The idiomatic way to implement generators (yield) in Golang for recursive functions

[ Note: I read Python-style generators in Go, this is not a duplicate of it. ]

In Python / Ruby / JavaScript / ECMAScript 6, generator functions could be written using the yield keyword provided by the language. In Go, it could be simulated using a goroutine and a channel.

The Code

The following code shows how a permutation function (abcd, abdc, acbd, acdb, ..., dcba) could be implemented:

// $src/lib/lib.go

package lib

// private, starts with lowercase "p"
func permutateWithChannel(channel chan<- []string, strings, prefix []string) {
    length := len(strings)
    if length == 0 {
        // Base case
        channel <- prefix
        return
    }
    // Recursive case
    newStrings := make([]string, 0, length-1)
    for i, s := range strings {
        // Remove strings[i] and assign the result to newStringI
        // Append strings[i] to newPrefixI
        // Call the recursive case
        newStringsI := append(newStrings, strings[:i]...)
        newStringsI = append(newStringsI, strings[i+1:]...)
        newPrefixI := append(prefix, s)
        permutateWithChannel(channel, newStringsI, newPrefixI)
    }
}

// public, starts with uppercase "P"
func PermutateWithChannel(strings []string) chan []string {
    channel := make(chan []string)
    prefix := make([]string, 0, len(strings))
    go func() {
        permutateWithChannel(channel, strings, prefix)
        close(channel)
    }()
    return channel
}

Here is how it could be used:

// $src/main.go

package main

import (
    "./lib"
    "fmt"
)

var (
    fruits  = []string{"apple", "banana", "cherry", "durian"}
    banned = "durian"
)

func main() {
    channel := lib.PermutateWithChannel(fruits)
    for myFruits := range channel {
        fmt.Println(myFruits)
        if myFruits[0] == banned {
            close(channel)
            //break
        }
    }
}

Note:

The break statement (commented above) is not needed, as close(channel) causes range to return false in the next iteration, the loop will terminate.

The Problem

If the caller doesn't need all the permutations, it needs to close() the channel explicitly, or the channel will not be closed until the program terminates (resource leakage occurs). On the other hand, if the caller needs all the permutations (i.e. the range loops until the end), the caller MUST NOT close() the channel. It is because close()-ing an already closed channel causes a runtime panic (see here in the spec). However, if the logic to determine whether it should stop or not is not as simple as shown above, I think it is better to use defer close(channel).

The Questions

  1. What is the idiomatic way to implement generators like this?
  2. Idiomatically, who should be responsible to close() the channel - the library function or the caller?
  3. Is it a good idea to modify my code like below, so that the caller is responsible to defer close() the channel no matter what?

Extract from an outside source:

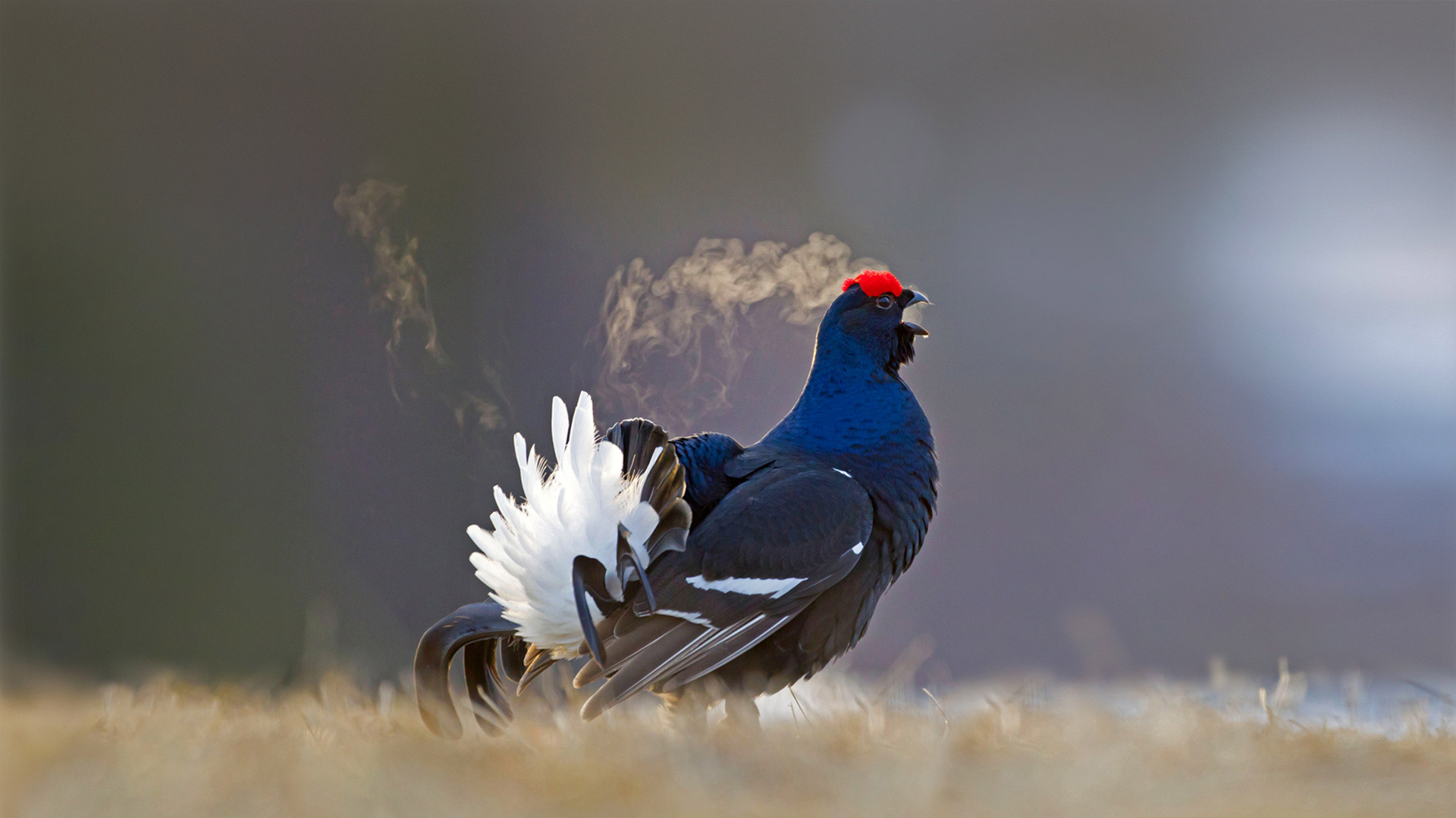 Black grouse male calling at a lek site in Kuusamo, 芬兰 (© Oliver Smart/Alamy)

In the library, modify this:

    go func() {
        permutateWithChannel(channel, strings, prefix)
        close(channel)
    }()

to this:

    go permutateWithChannel(channel, strings, prefix)

In the caller, modify this:

func main() {
    channel := lib.PermutateWithChannel(fruits)
    for myFruits := range channel {
        fmt.Println(myFruits)
        if myFruits[0] == banned {
            close(channel)
        }
    }
}

to this:

func main() {
    channel := lib.PermutateWithChannel(fruits)
    defer close(channel)    // <- Added
    for myFruits := range channel {
        fmt.Println(myFruits)
        if myFruits[0] == banned {
            break           // <- Changed
        }
    }
}
  1. Despite it is not observable by executing the code above, and the correctness of the algorithm is not affected, after the caller close()s the channel, the goroutine running the library code should panic when it tries to send to the closed channel in the next iteration, as documented here in the spec, causing it to terminate. Does this cause any negative side-effect?
  2. The signature of the library function is func(strings []string) chan []string. Ideally, the return type should be <-chan []string to restrict it to be receive-only. However, if it is the caller who is responsible to close() the channel, it could not be marked as "receive-only", as the close() built-in function does not work on receive-only channels. What is the idiomatic way to deal with this?

Upvotes: 55

Views: 54653

Answers (3)

gonzojive
gonzojive

Reputation: 2216

I agree with icza's answer. To summarize, there are are two alternatives:

  1. mapping function: Use a callback to iterate over a collection. func myIterationFn(yieldfunc (myType)) (stopIterating bool). This has the disadvantage of ceding the control flow to myGenerator function. myIterationFn is not a Pythonic generator because it doesn't return an iterable sequence.
  2. channels: Use a channel and be wary of leaking goroutines. It's possible to transform myIterationFn into a function that returns an iterable sequence. The following code provides an example of such a transformation.
myMapper := func(yield func(int) bool) {
    for i := 0; i < 5; i++ {
        if done := yield(i); done {
            return
        }
    }
}
iter, cancel := mapperToIterator(myMapper)
defer cancel() // This line is very important - it prevents goroutine leaks.
for value, ok := iter(); ok; value, ok = iter() {
    fmt.Printf("value: %d\n", value)
}

Here's a complete program as an example. mapperToIterator does the transformation from a mapping function to a generator. Go's lack of generics requires casting from interface{} to int.

package main

import "fmt"

// yieldFn reports true if an iteration should continue. It is called on values
// of a collection.
type yieldFn func(interface{}) (stopIterating bool)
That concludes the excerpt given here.